Майк еще поплавал, потом лег, подставив себя солнцу, на белое полотенце и стал вспоминать то время, когда он впервые встретил Троя Джеймисона.
Это было в конце 1942 года. Ему было двадцать три, и все волосы у него еще были целы, и в ушах постоянно звенел хинин (в госпитале был и атабрин, но в ограниченном количестве), он был бледен серой бледностью островной войны (в противоположность киношной бронзе Эррола Флинна), на ногах у него было несколько безобразных язв, а на левом бедре отсутствовал кусок плоти размером с персик — высоко, на внешней стороне. Рана была не опасной, но повредила мускулы ровно настолько, что еще три года он слегка прихрамывал.

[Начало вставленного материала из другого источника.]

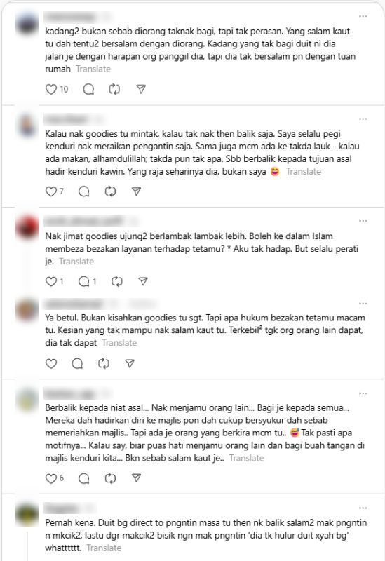 "Bukan kisahkan goodies tu sangat. Tapi apa hukum bezakan tetamu macam tu. Kesian yang tak mampu nak salam kaut tu," tulisnya lagi.
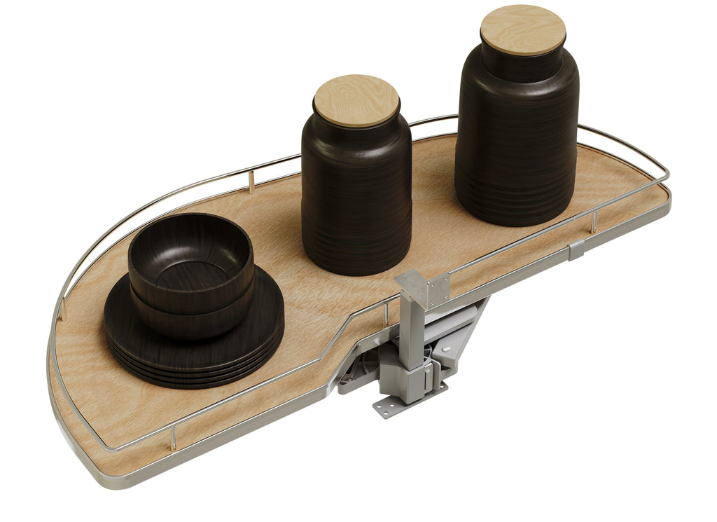 The 587 Series “Girasolo” Blind Corner Optimizer by Rev-A-Shelf® makes organizing your blind corner cabinet smooth sailing. This unique design features one or two pullout trays that easily glide directly out on an innovative soft-close pivot hardware system, eliminating the need for adjacent appliance clearance. The unique shelving system also allows for maximum storage capacity, while optimizing the usage of the hard-to-reach storage area.. Included: (1) Girasolo tray, post mechanism, and mounting hardware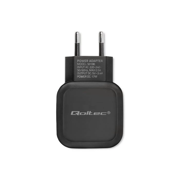 Qoltec Ładowarka sieciowa 17W | 5V | 3.4A | 2xUSB + kabel USB typC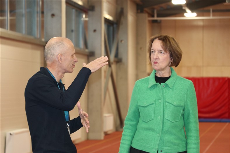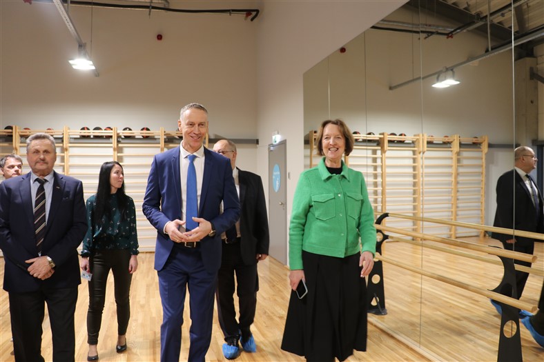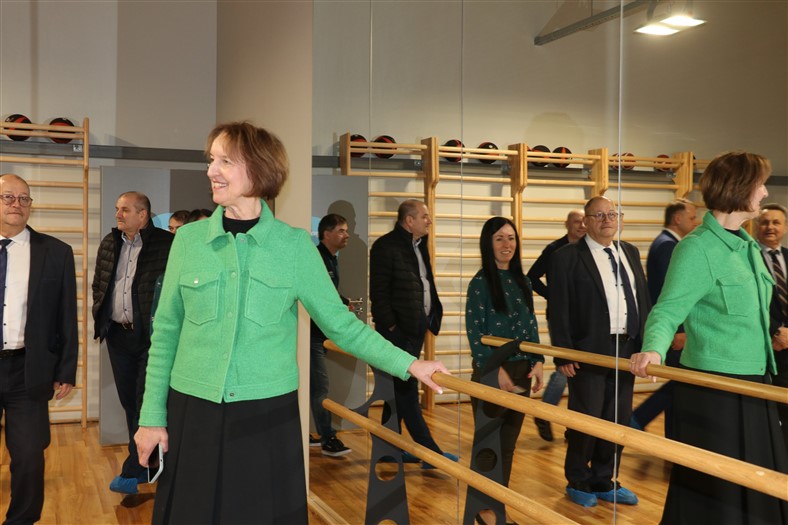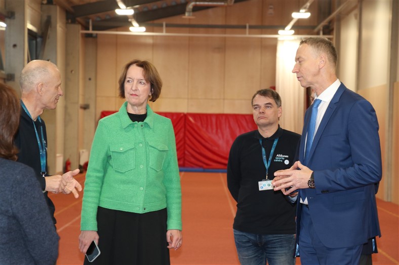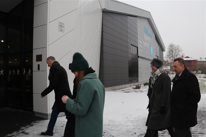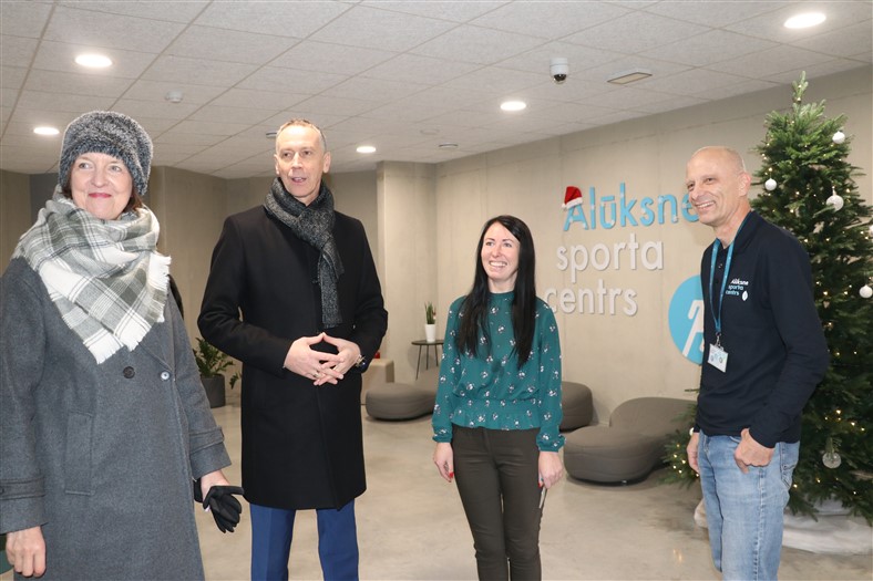 Vizīte turpinājās ar publiskās ārtelpas attīstības projekta virzības apskati Glika ielā 10, kā arī Alūksnes Sporta centra apskati. Tur ar plašajām iespējām sporta skolas audzēkņiem un aktīvajiem iedzīvotājiem iepazīstināja sporta centra vadītājs Guntis Kozilāns un Alūksnes sporta skolas direktora vietniece Elīna Akmentiņa.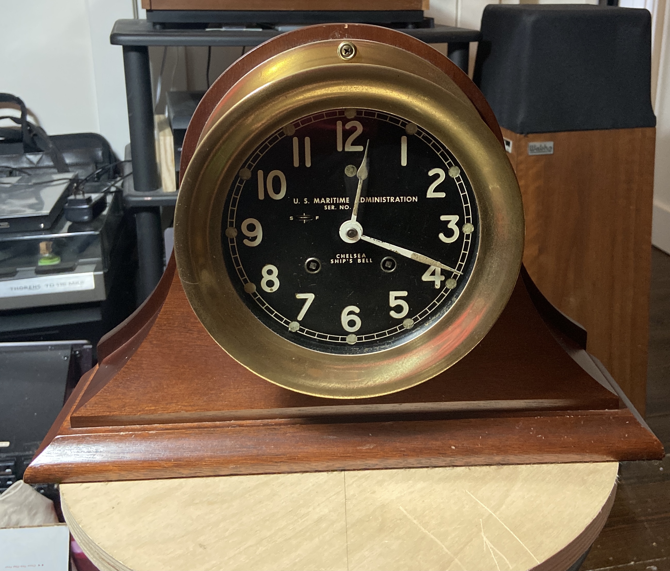 I have a killer 6 inch dialed Chelsea Maritime Administration SHIP’S BELL. Signed Chelsea brass case circa 1959 . Chelsea 4L movement Running and keeping time and striking ships bells . It is mount on on a Chelsea ribbon mahogany cradle. It’s ready for your bookcase or mantle over your fireplace !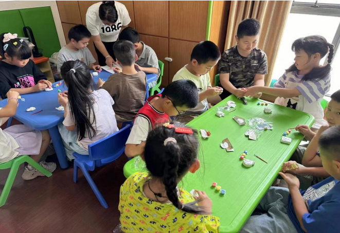 阅读后的游戏环节是孩子们喜欢的涂鸦活动,桌上摆满了多种形态的陶瓷军人娃娃和五彩斑斓的颜料画笔,孩子们迫不及待地拿起画笔,根据自己心中对军人的印象,认真地为陶瓷娃娃涂上心仪的颜色。孩子们不仅锻炼了动手能力和创造力,更在交流中培养了团队合作精神和社交能力。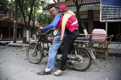 吳家芳把妻子的手環(huán)繞著綁在自己的腰上,臉緊貼著自己的背,這個姿勢一如從前。他發(fā)動摩托車,背著妻子回家。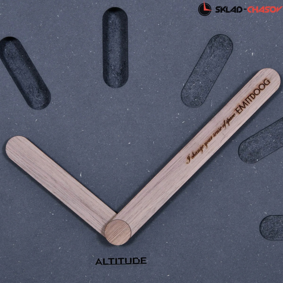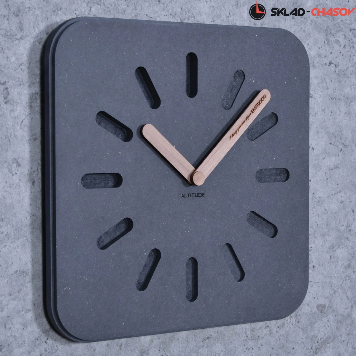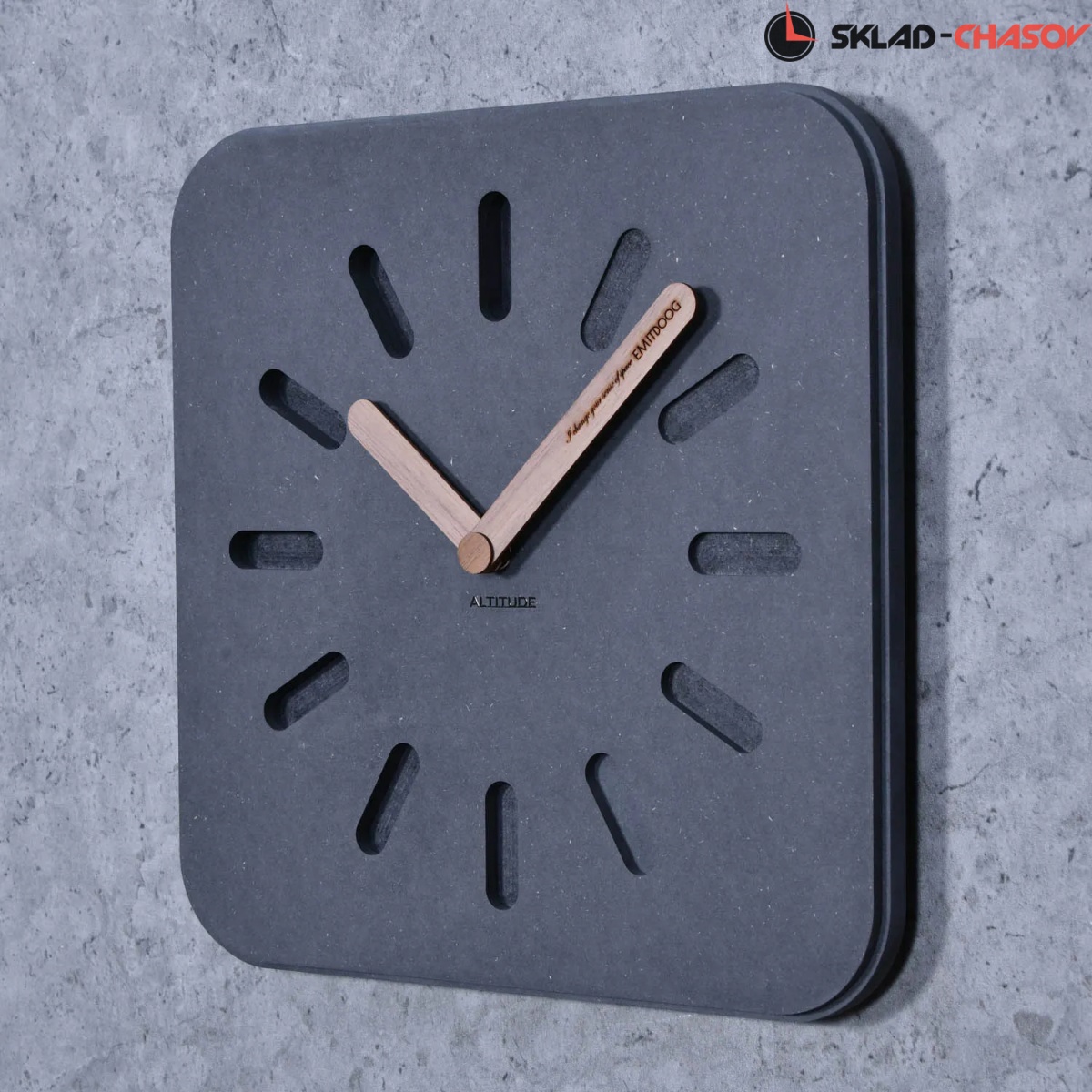 Настенные интерьерные часы от немецкого дизайнера Фридриха Кельна. Необычный дизайн украшает пространство стильного загородного дома или современной роскошной квартиры. «Часы в стиле лофт» - вот идея создания. Изготовлено из мдф темно-серого цвета, отделяют дизайн деревянных стрелок с метками времени, часы с кварцевым механизмом, цифры показывают время.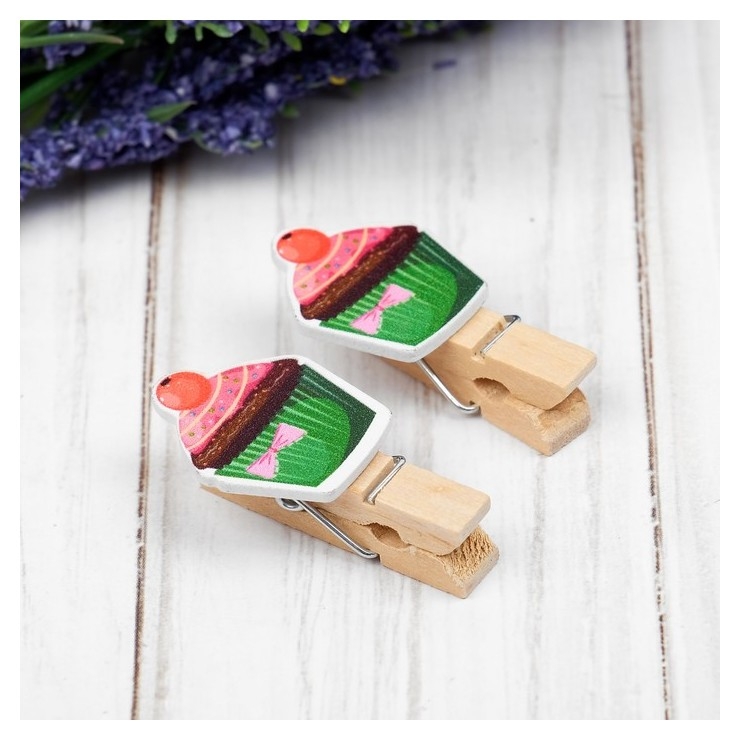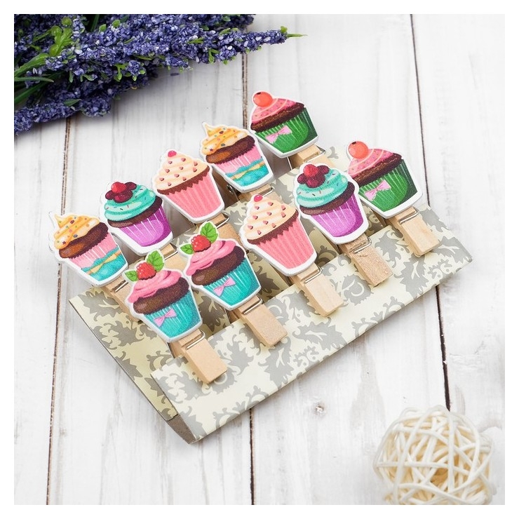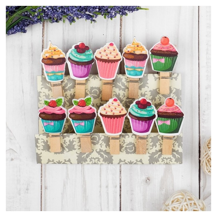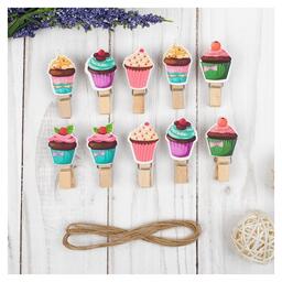 Прищепки декоративные с верёвкой для подвеса «Кейки» набор 10 шт.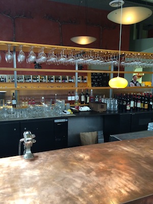 The former bottle shop has been converted into a long bar area with a gleaming copper counter that overlooks the dining room. The retail area has been moved into a larger space next door, where there is more room to display bottles and hold events.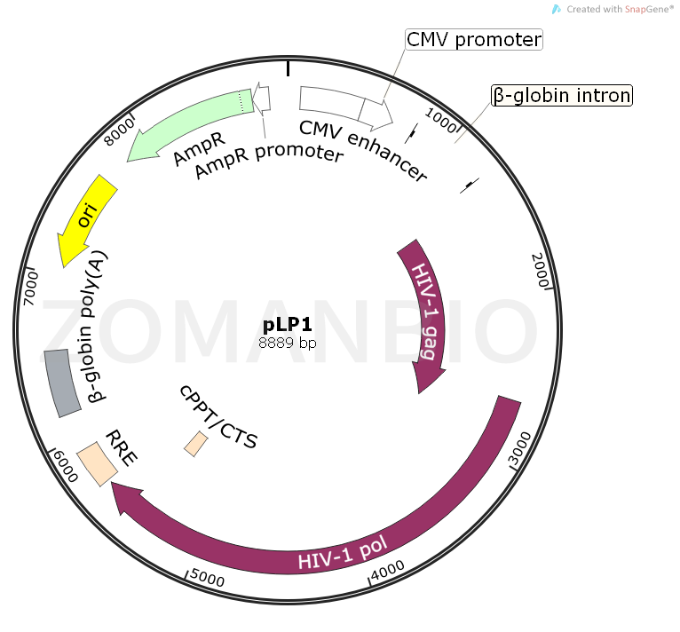 質(zhì)粒序列請(qǐng)下載:ZK838pLP1慢病毒包裝質(zhì)粒.txt
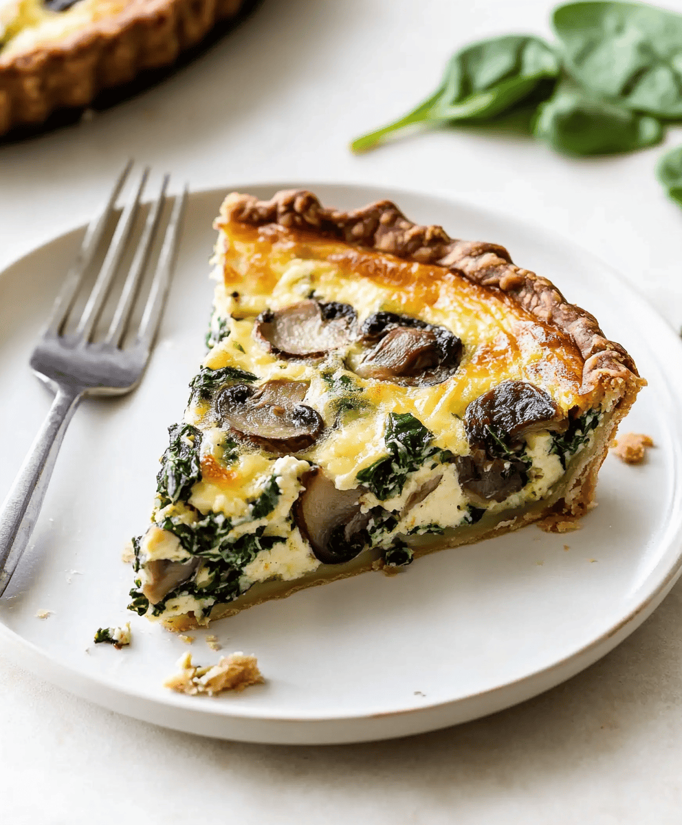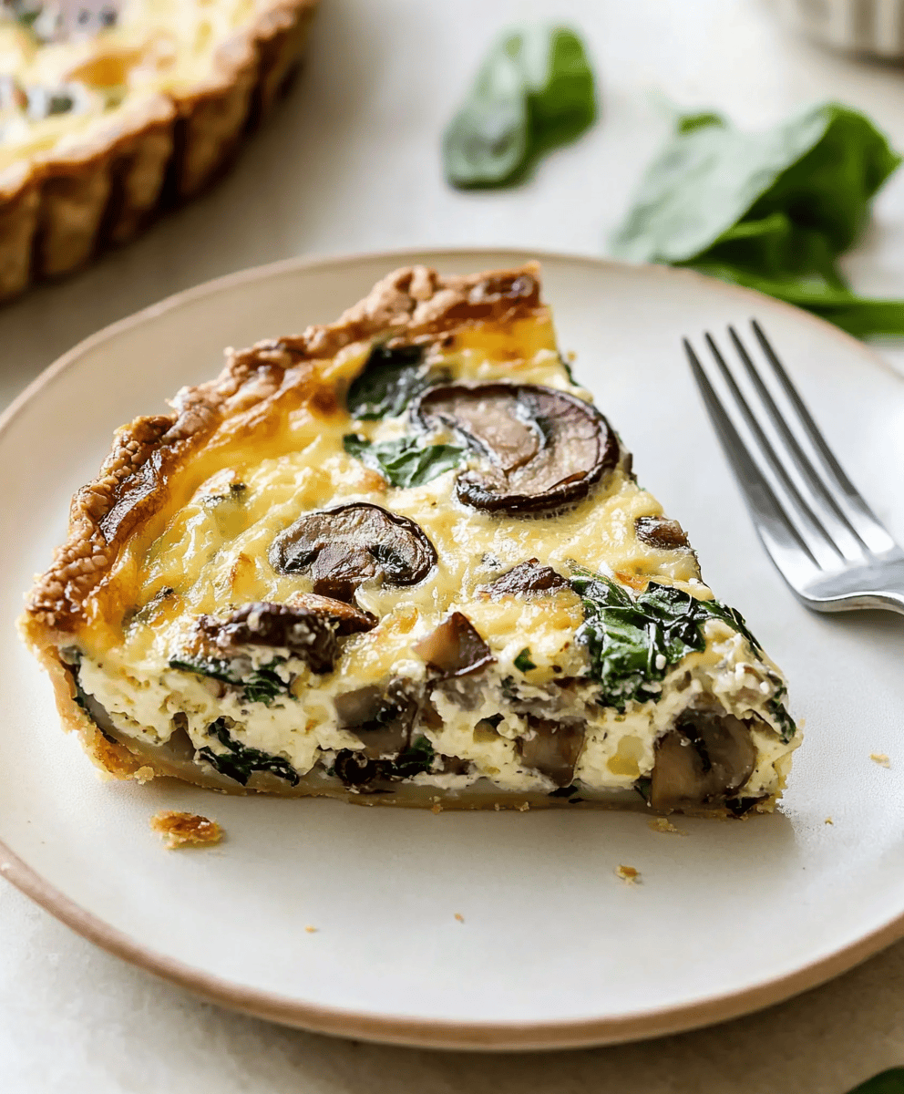 I first made this quiche on a lazy Sunday morning when I had a fridge full of odds and ends and a craving for something cozy but not too heavy. With its golden flaky crust, tender mushrooms, savory spinach, and creamy, cheesy custard, it quickly became a household staple. It's the kind of dish that looks like you fussed but really didn't—always a win in my book.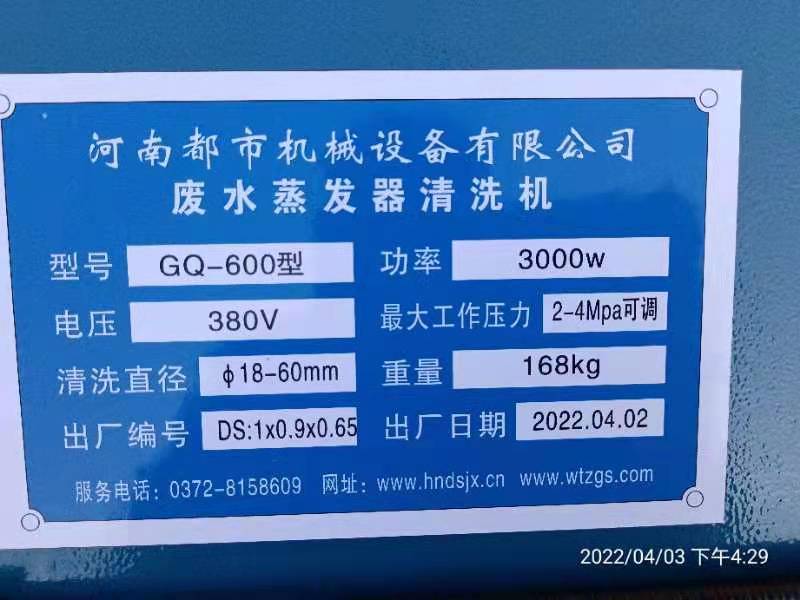 2022年4月1日,衡水酷祥生物科技有限公司糠醛廠(原河北省衡水誠碩化工有限公司),在王總的精心安排下,韓總,張主任,全廠職工共同努力配合河南都市機(jī)械設(shè)備有限公司喬主任,發(fā)明了一項新的工具,使用兩臺GQ—600型智能清洗機(jī)鉆洗管子內(nèi)徑40毫米長度5米1800根結(jié)垢堅硬,徹底堵死,好久沒有通透過的1000平方廢水蒸發(fā)器,為糠醛行業(yè)開辟了新的道路。歡迎大家關(guān)注分享指導(dǎo)合作共贏!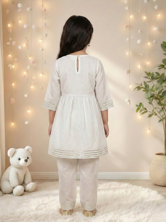 Girls White Embroidered Anarkali Kurti and Pant (Set of 2)

В палате лежали очень разные люди, и некоторые находились в тяжелом состоянии. На третий день, когда майор слева от него умер, не приходя в сознание, от ранения в голову, на его кровать положили второго лейтенанта Троя Джеймисона. Никому не хотелось разговаривать. Это была своего рода настороженность. Диалоги, если такие и происходили, были ненамеренно хемингуэевскими. На самом деле никому не хотелось, чтобы кто-то понял, что ты абсолютно, волшебно, всепоглощающе, чертовски счастлив убраться с этого острова.